En tout cas au cours de la période à venir les Palestiniens penseront à autre chose qu'aux négociations de paix. En parler avant qu'un pouvoir légitime et solide ne soit mis en place dans l'Autorité n'aurait aucun sens. Le raïs n'a pas de successeur politique, mais il laisse derrière lui quelque chose de plus important, à savoir l'Administration nationale palestinienne. L'existence même de cette structure permet d'espérer qu'il n'y aura pas de chaos, quoique certains désordres soient possibles. En tout cas, les principales forces politiques palestiniennes ont déclaré qu'elles souhaitaient un maintien de la stabilité sur le territoire de l'Autorité.

Si l'on en croit le site aljazeera.net, des représentants du mouvement islamique HAMAS ont déclaré qu'ils n'entendaient pas saper les positions du FATH, le parti de Yasser Arafat, dans la société palestinienne. Ce qui s'explique du fait que le HAMAS, comme les autres forces politiques, n'ont à ce jour pas de leader autour duquel la majorité des Palestiniens pourrait se regrouper, et que pour cette raison il leur faut du temps.
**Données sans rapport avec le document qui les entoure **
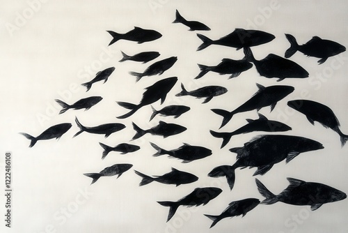 Fototapeta premium A visually striking depiction of a school of fish in vibrant movement,...
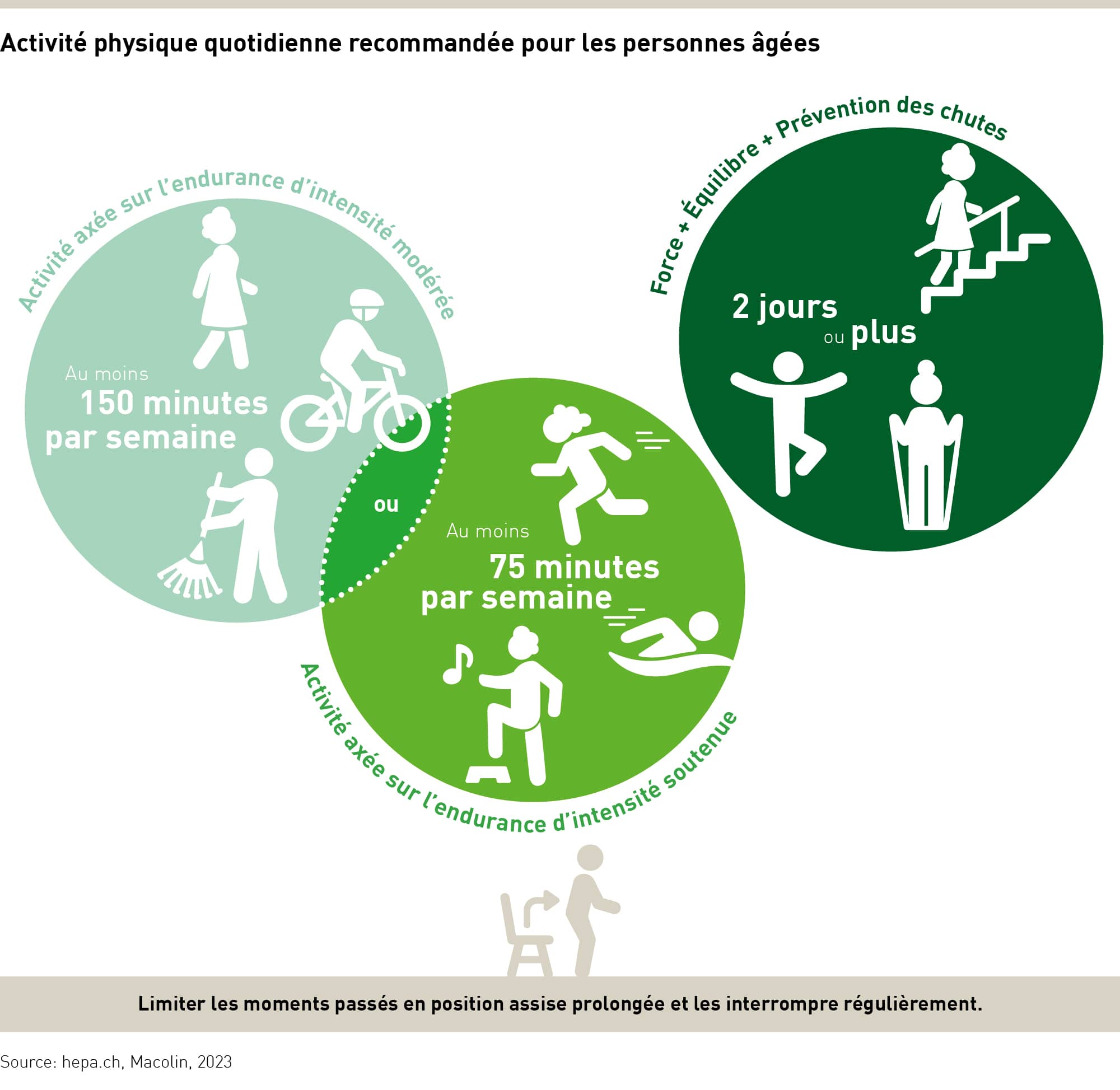 L’activité physique, adaptée à l’âge et à l’état de santé de la personne, représente un facteur de protection essentiel de la santé. L’activité physique contribue au maintien de l’indépendance dans les activités quotidiennes grâce à ses effets sur la musculature, l’équilibre, la force, l’endurance, la masse osseuse, ou encore les performances cognitives et le sommeil.

Au demeurant, le FATH, qui n'est pas du tout une organisation monolithe et dont les dirigeants ont des points de vue pas toujours identiques, pourrait sans Arafat voir son prestige décroître sans intervention extérieure.

Selon une étude réalisée à la fin du mois de juin dernier par l'organisation palestinienne Jerusalem media and communication center, le FATH bénéficierait de la confiance de 26,4 pour cent des Palestiniens et le HAMAS de 21,7 pour cent. C'est là un écart peu important, surtout compte tenu que la cote de popularité du FATH est à peu de choses près celle d'Arafat. 23,6 pour cent de la population lui faisaient confiance. Après le raïs, la personnalité la plus estimée est l'ancien chef du FATH en Cisjordanie, Marwan Barghouti (6,3 pour cent). Toutefois il purge actuellement une peine dans une prison israélienne. L'ancien premier ministre palestinien, Mahmoud Abbas (Abou Mazen), que l'on voit remplacer Yasser Arafat, n'a recueilli que 1 pour cent de votes favorables. Un autre compagnon de lutte d'Arafat, Saïb Arikat, a fait légèrement mieux avec 1,3 pour cent. Quant à Ahmed Qurei, l'actuel premier ministre, il ne figure pas dans le sondage. Lui et les autres leaders du FATH ont probablement obtenu moins de 1 pour cent des voix. La cote de popularité des représentants du HAMAS est très basse elle aussi, se situant aux alentours de 1-3 pour cent. En l'absence de leader unique, une direction collective, au moins tant que des élections n'auront pas eu lieu dans l'Autorité, semblerait la meilleure solution pour les Palestiniens. C'est vrai qu'ici les obstacles ne manqueraient pas. Les principaux acteurs sauront-ils freiner leurs ambitions dans la lutte pour le pouvoir et ne pas s'entredéchirer quand il s'agira d'accéder aux finances de l'Autorité? Et puis il sera très malaisé de concerter des positions aussi diverses que les voies de développement séculière et islamique et de parvenir à un compromis avec les Israéliens, surtout quand Israël, les Etats-Unis et les pays arabes s'immiscent en permanence dans les affaires intérieures. Pour ce qui est de la Russie, elle se bornera comme toujours à la recherche d'un compromis entre les parties. L'Union européenne elle aussi adoptera une position analogue.

Pour le moment, le maintien de la stabilité est profitable à tous. Mais la situation reste explosive. Les Palestiniens et les Israéliens devront encore faire face à des situations de crise du pouvoir et à de nouveaux désordres et rechercher de nouveaux compromis. C'est ce qui a été déterminé par Yasser Arafat et son vis-à-vis israélien.